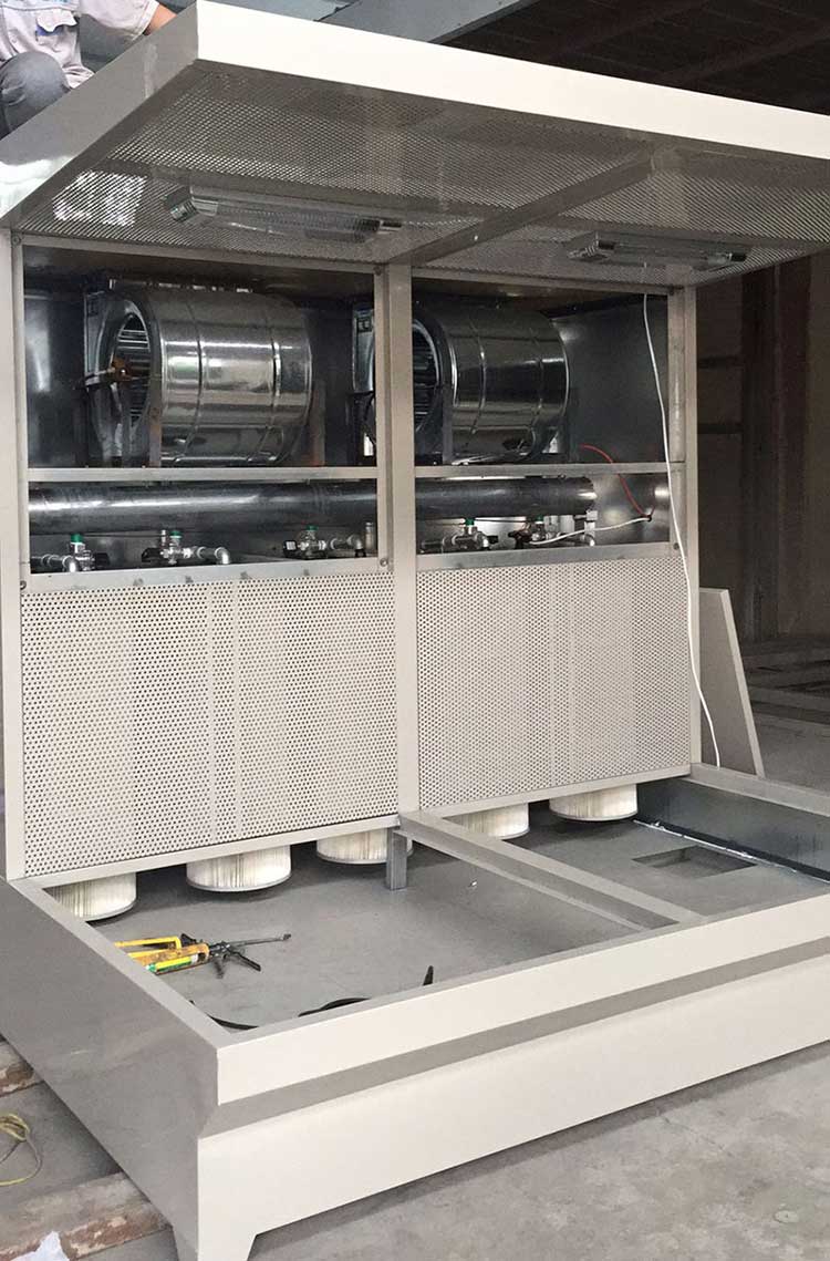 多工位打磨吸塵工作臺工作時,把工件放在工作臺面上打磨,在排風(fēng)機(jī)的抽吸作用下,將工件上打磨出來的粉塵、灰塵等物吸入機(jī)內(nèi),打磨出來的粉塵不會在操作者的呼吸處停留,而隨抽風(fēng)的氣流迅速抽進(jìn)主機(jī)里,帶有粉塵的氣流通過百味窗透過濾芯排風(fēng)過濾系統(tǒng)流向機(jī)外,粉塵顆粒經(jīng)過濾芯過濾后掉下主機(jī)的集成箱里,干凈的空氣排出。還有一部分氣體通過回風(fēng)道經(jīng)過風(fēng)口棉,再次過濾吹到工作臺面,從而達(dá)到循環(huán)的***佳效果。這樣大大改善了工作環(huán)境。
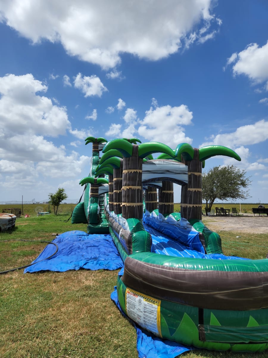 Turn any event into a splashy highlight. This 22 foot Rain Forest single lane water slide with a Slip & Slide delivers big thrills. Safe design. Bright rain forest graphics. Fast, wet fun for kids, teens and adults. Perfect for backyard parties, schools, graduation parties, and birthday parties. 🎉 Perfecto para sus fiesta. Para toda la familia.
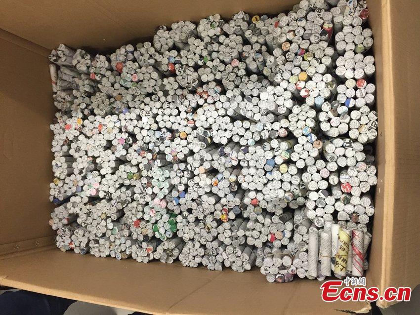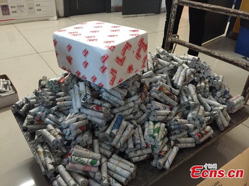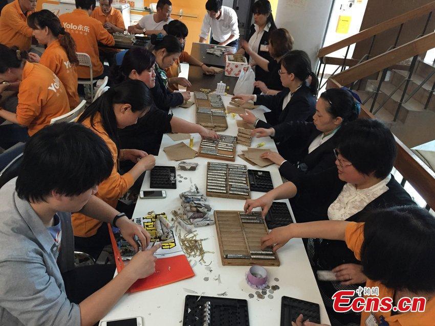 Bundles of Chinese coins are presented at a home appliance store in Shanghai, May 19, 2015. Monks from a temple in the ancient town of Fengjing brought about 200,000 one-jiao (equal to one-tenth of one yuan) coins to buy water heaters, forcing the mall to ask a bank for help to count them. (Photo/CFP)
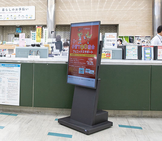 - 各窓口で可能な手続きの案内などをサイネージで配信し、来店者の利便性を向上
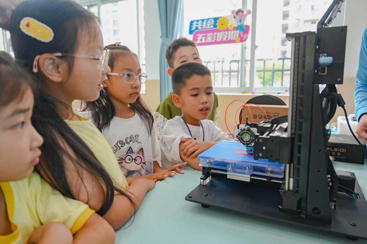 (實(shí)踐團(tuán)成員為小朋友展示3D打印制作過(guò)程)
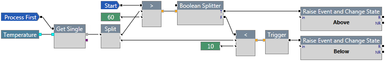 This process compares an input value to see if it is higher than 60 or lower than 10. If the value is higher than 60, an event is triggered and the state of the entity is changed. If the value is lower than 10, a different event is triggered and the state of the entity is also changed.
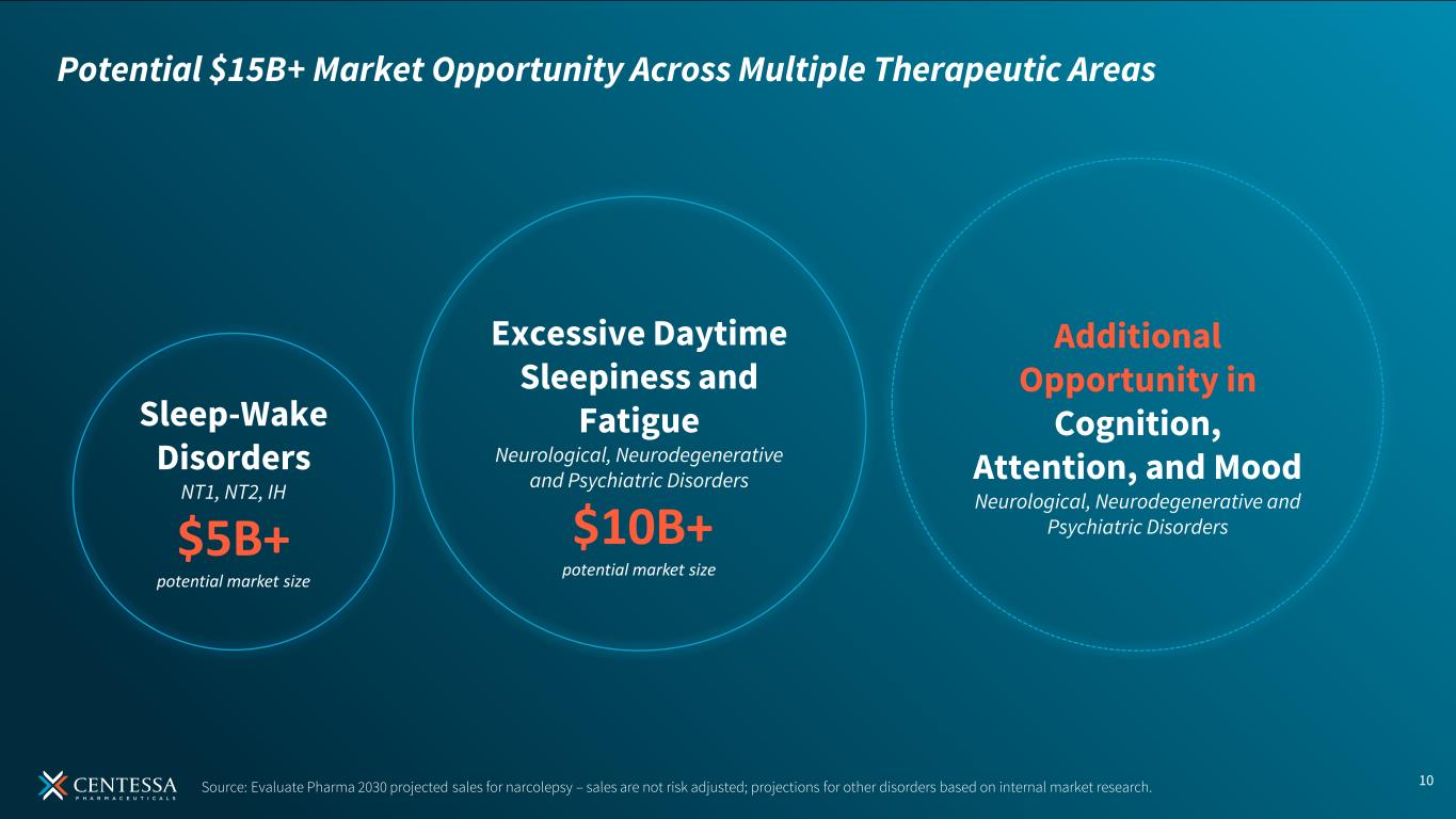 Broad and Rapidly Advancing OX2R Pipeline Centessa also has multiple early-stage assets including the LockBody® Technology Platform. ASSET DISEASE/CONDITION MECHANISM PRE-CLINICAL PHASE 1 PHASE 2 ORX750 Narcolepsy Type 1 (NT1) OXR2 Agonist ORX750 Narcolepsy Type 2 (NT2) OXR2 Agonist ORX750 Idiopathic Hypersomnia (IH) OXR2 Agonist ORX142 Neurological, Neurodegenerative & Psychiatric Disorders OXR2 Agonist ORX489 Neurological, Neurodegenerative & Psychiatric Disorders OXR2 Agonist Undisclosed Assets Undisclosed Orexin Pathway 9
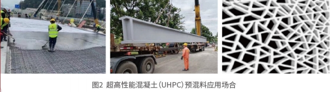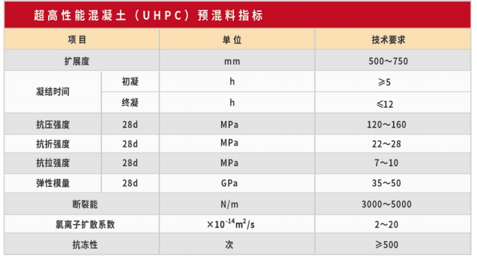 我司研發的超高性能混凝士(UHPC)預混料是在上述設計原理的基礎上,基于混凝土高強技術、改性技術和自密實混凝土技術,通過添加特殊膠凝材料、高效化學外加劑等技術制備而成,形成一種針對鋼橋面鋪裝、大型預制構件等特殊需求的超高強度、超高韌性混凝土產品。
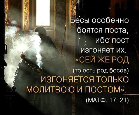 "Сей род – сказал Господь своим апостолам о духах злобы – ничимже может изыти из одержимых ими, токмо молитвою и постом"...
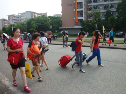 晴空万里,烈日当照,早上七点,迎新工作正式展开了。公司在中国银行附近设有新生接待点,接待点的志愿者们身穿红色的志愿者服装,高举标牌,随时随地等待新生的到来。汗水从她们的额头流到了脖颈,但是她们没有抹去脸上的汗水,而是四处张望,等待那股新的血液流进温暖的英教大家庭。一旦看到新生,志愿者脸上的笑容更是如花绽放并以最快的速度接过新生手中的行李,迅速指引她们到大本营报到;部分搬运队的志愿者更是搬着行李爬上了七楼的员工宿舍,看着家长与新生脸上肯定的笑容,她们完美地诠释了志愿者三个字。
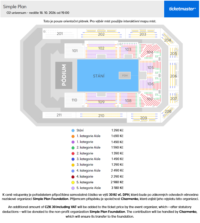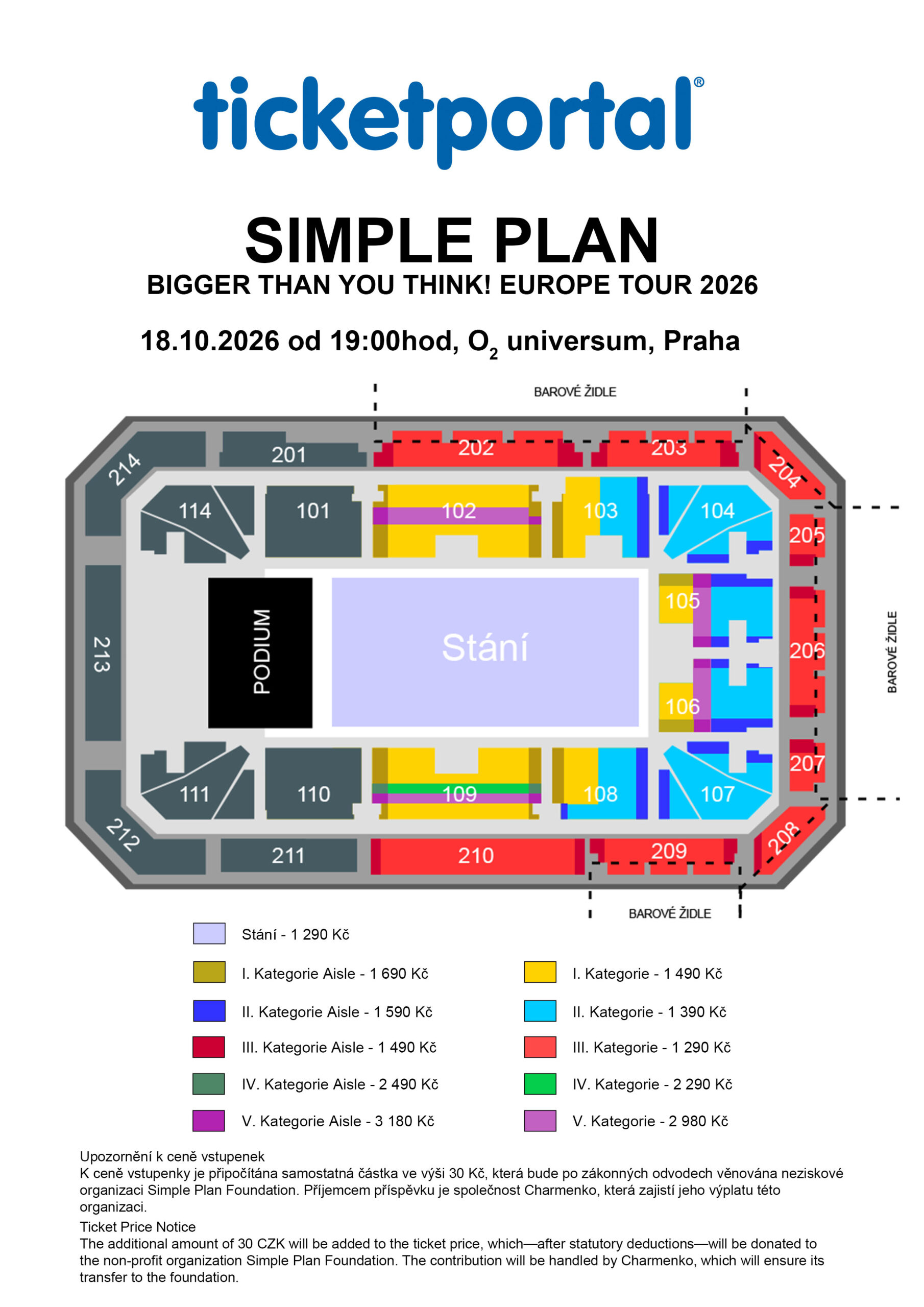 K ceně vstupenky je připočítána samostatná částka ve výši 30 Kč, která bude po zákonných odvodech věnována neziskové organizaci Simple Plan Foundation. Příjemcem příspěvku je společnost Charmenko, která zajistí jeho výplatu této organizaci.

- - - -

*What you are asked to do*.
What you give back must match the entries exactly, apart from the omitted pictures.

*Result*.
 多工位打磨吸塵工作臺工作時,把工件放在工作臺面上打磨,在排風(fēng)機(jī)的抽吸作用下,將工件上打磨出來的粉塵、灰塵等物吸入機(jī)內(nèi),打磨出來的粉塵不會在操作者的呼吸處停留,而隨抽風(fēng)的氣流迅速抽進(jìn)主機(jī)里,帶有粉塵的氣流通過百味窗透過濾芯排風(fēng)過濾系統(tǒng)流向機(jī)外,粉塵顆粒經(jīng)過濾芯過濾后掉下主機(jī)的集成箱里,干凈的空氣排出。還有一部分氣體通過回風(fēng)道經(jīng)過風(fēng)口棉,再次過濾吹到工作臺面,從而達(dá)到循環(huán)的***佳效果。這樣大大改善了工作環(huán)境。
 Turn any event into a splashy highlight. This 22 foot Rain Forest single lane water slide with a Slip & Slide delivers big thrills. Safe design. Bright rain forest graphics. Fast, wet fun for kids, teens and adults. Perfect for backyard parties, schools, graduation parties, and birthday parties. 🎉 Perfecto para sus fiesta. Para toda la familia.
 Bundles of Chinese coins are presented at a home appliance store in Shanghai, May 19, 2015. Monks from a temple in the ancient town of Fengjing brought about 200,000 one-jiao (equal to one-tenth of one yuan) coins to buy water heaters, forcing the mall to ask a bank for help to count them. (Photo/CFP)
 - 各窓口で可能な手続きの案内などをサイネージで配信し、来店者の利便性を向上
 (實(shí)踐團(tuán)成員為小朋友展示3D打印制作過(guò)程)
 This process compares an input value to see if it is higher than 60 or lower than 10. If the value is higher than 60, an event is triggered and the state of the entity is changed. If the value is lower than 10, a different event is triggered and the state of the entity is also changed.
 Broad and Rapidly Advancing OX2R Pipeline Centessa also has multiple early-stage assets including the LockBody® Technology Platform. ASSET DISEASE/CONDITION MECHANISM PRE-CLINICAL PHASE 1 PHASE 2 ORX750 Narcolepsy Type 1 (NT1) OXR2 Agonist ORX750 Narcolepsy Type 2 (NT2) OXR2 Agonist ORX750 Idiopathic Hypersomnia (IH) OXR2 Agonist ORX142 Neurological, Neurodegenerative & Psychiatric Disorders OXR2 Agonist ORX489 Neurological, Neurodegenerative & Psychiatric Disorders OXR2 Agonist Undisclosed Assets Undisclosed Orexin Pathway 9
 我司研發的超高性能混凝士(UHPC)預混料是在上述設計原理的基礎上,基于混凝土高強技術、改性技術和自密實混凝土技術,通過添加特殊膠凝材料、高效化學外加劑等技術制備而成,形成一種針對鋼橋面鋪裝、大型預制構件等特殊需求的超高強度、超高韌性混凝土產品。
 "Сей род – сказал Господь своим апостолам о духах злобы – ничимже может изыти из одержимых ими, токмо молитвою и постом"...
 晴空万里,烈日当照,早上七点,迎新工作正式展开了。公司在中国银行附近设有新生接待点,接待点的志愿者们身穿红色的志愿者服装,高举标牌,随时随地等待新生的到来。汗水从她们的额头流到了脖颈,但是她们没有抹去脸上的汗水,而是四处张望,等待那股新的血液流进温暖的英教大家庭。一旦看到新生,志愿者脸上的笑容更是如花绽放并以最快的速度接过新生手中的行李,迅速指引她们到大本营报到;部分搬运队的志愿者更是搬着行李爬上了七楼的员工宿舍,看着家长与新生脸上肯定的笑容,她们完美地诠释了志愿者三个字。
 K ceně vstupenky je připočítána samostatná částka ve výši 30 Kč, která bude po zákonných odvodech věnována neziskové organizaci Simple Plan Foundation. Příjemcem příspěvku je společnost Charmenko, která zajistí jeho výplatu této organizaci.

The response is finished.